> **What you will do**: Reproduction of part of the material below, pictures omitted: copy exactly, and only, the lines starting with the one with "DSC-TG(DTG)-temperature time profiles" and going on through the one with "С Тайсоном согласно".

> **Data**:
>>>>>
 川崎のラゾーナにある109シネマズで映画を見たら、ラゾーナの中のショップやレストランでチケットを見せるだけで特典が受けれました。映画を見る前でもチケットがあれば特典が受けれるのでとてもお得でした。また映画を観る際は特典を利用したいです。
<<<<<
>>>>>
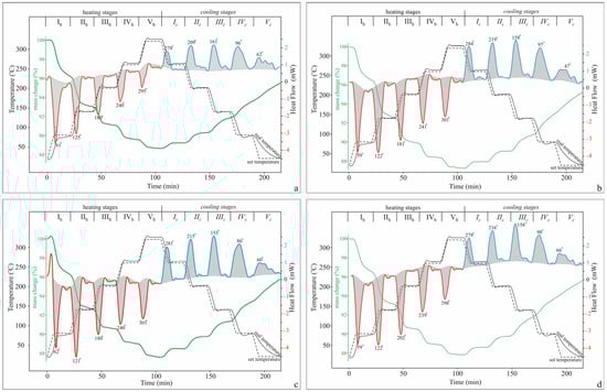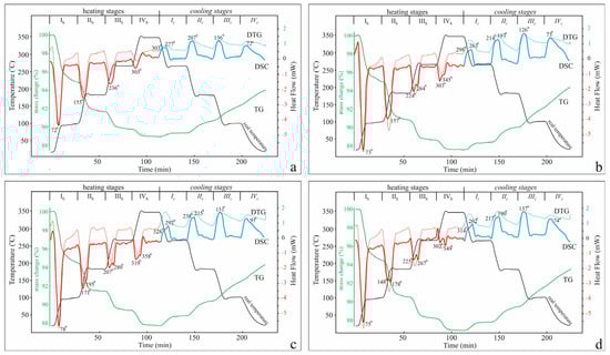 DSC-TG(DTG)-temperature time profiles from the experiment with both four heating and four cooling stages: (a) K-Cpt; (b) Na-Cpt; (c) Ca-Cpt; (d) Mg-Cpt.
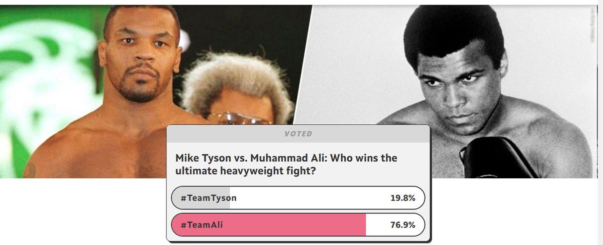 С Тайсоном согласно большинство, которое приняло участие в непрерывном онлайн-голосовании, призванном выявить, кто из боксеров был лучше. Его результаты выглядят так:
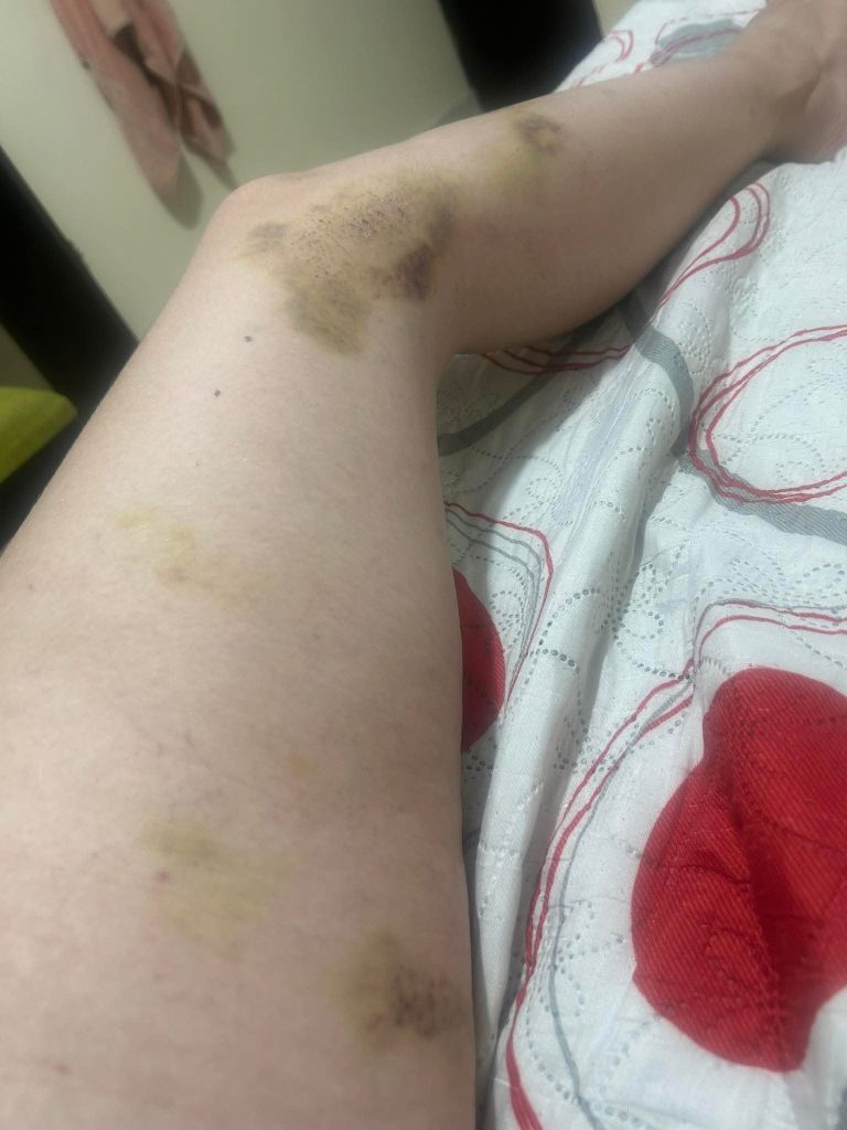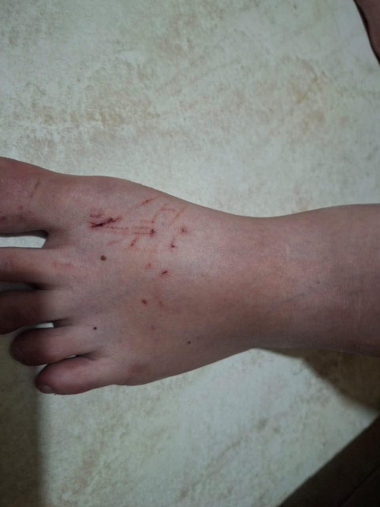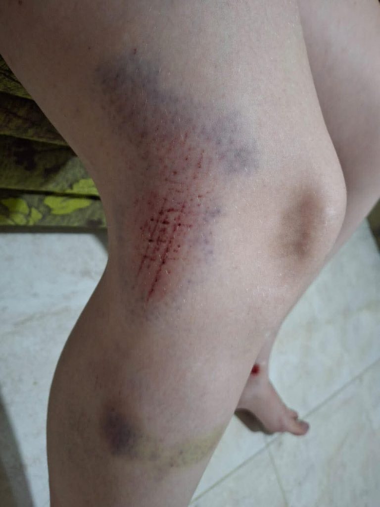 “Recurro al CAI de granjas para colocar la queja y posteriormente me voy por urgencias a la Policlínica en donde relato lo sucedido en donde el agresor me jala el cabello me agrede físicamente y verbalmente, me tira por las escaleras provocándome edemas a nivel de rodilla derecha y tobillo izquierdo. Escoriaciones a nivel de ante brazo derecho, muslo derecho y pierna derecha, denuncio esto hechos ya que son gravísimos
<<<<<
> **Answer space**:
 DSC-TG(DTG)-temperature time profiles from the experiment with both four heating and four cooling stages: (a) K-Cpt; (b) Na-Cpt; (c) Ca-Cpt; (d) Mg-Cpt.
 С Тайсоном согласно большинство, которое приняло участие в непрерывном онлайн-голосовании, призванном выявить, кто из боксеров был лучше. Его результаты выглядят так:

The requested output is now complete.